そしてウィルはゆっくりと道を進むと、その槍に手を掛ける。
だが、其の手をウィルは放してしまった。
「抜かないのか? それを持って帰らないと、報酬には繋がらないよ?」
黒妖がウィルにそう話し掛ける。
「あれは抜けませんね‥‥抜いてはいけない代物なのでしょうから」
ニルナがそう捕捉する。
「どういう事?」
テュールが近くのサラサに問い掛ける。
「つまり‥‥ジーザスの名において、あの槍は、今は抜くべき時ではないというところか?」
そのサラサの言葉に、ウィルが静かに肯く。
「ここの封印の力はかなり強力です。また、この島自体、モンスターによる侵攻も受けておらず、どちらかというと自然が手付かずのまま。この槍は、来たるべき時の為に、この地で眠っていただくというのが‥‥」
ウィルの言葉に、一行は納得。
「さて、そうなると、どうやってあのボンボンを納得させるかという所か‥‥」
ジャンがそう呟きながら、何か代案を考えている。
「依頼内容をもう一度考えてみると〜(へら)」
暁、何か解決策を発見?
「えーっと、『無事に調査を終えて、真実を伝えてくれたら、そしてその聖遺物とやらを持ってきてくれたら』だったよねぇ。つまり、『無事に調査を終えまして。真実の部分は少しネジ曲げて、聖遺物は噂だけでした』ということにしても、依頼は失敗?(へら)」
あ、それは微妙。
(まあ、この槍については、本物っぽいから、後でタイミングを見て取りに来たらいいしな‥‥)
あ、心の中の暁が悪い事考えている模様。
でも表情は(へら)である。
「まあ、それでいいか」
「同じく異存はない‥‥」
サラサ、ジャン共に了承。
当然ながら京太郎、テュール、ニルナ、黒妖も納得の模様だが。
「‥‥まあ、いた仕方ありませんか。全て真実を伝えると、ここの土地が荒らされてしまう可能性もありますし‥‥」
お堅いウィルも何とか納得。
そして残った時間を一行は他の遺跡廃墟めぐりを敢行。
まあ、モンスターなぞ出ることも無いため、そのまま古代の遺跡で浪漫を満喫という所であろう。
●そしてパリ〜なるほどなるほど〜
──冒険者酒場
そこの席には、依頼から戻ってきた冒険者達と貴族のボンボンが座っていた。
「ふぅん、なるほどねぇ‥‥まあ、この手の話というのは、えてして偽者が多いからねぇ‥‥うんうん、ご苦労様」
サラサとテュール、二人がかりの大冒険譚。
サラサが話を纏め、ひとつの詩として作成。それをテュールが受け取ると、サラサとテュールは二人でそれに曲を付ける。
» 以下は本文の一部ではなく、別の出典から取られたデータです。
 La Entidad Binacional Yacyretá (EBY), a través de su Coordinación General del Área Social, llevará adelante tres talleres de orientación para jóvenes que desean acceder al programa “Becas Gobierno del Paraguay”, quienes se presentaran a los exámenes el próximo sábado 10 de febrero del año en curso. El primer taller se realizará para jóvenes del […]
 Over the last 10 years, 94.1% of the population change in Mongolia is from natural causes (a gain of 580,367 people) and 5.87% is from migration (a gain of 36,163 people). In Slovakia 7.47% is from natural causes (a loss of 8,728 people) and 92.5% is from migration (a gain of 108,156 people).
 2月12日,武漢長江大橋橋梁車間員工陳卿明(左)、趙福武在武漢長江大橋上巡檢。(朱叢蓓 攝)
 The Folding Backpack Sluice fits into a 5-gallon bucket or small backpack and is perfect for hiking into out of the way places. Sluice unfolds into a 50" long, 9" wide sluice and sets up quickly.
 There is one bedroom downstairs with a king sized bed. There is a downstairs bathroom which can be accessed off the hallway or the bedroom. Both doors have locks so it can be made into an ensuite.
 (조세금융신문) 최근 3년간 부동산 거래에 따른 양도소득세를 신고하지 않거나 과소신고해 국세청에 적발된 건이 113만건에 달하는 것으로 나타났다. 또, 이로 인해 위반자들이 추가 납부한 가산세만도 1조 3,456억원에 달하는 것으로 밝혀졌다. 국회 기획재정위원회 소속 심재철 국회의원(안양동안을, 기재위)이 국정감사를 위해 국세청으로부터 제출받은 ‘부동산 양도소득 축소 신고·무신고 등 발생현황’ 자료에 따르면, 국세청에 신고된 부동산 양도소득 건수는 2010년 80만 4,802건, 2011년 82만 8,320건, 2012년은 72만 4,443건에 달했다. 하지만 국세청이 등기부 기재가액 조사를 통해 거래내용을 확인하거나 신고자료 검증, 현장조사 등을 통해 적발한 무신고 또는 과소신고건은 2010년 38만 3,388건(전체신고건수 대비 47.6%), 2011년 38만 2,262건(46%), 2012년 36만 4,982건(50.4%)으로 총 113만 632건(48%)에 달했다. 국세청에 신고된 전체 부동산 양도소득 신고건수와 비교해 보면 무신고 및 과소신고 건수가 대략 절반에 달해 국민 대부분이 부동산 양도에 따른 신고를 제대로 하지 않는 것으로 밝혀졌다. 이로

そして酒場では、サラサがオカリナを奏でつつ、テュールが静かに物語を語る。
いつしか周囲にはギャラリーが出来上がり、終るころには拍手喝采となった。
「では、これは依頼料。大切に取っておきたまえ。また何かあったらよろしく頼むよ、うんうん」
そう告げると、ボンボンは静かにその場を立ちさって行った。
なお、これには後日談があります。
ウィルはこれらの事を教会に報告。
教会では独自調査のために小島に調査隊を送りましたが、そのときには既に槍は姿を消していました。
その場には、見た事も無い紋章の入ったペンダントが一つ転がっていたそうですが、誰もその紋章については判らなかったようです‥‥。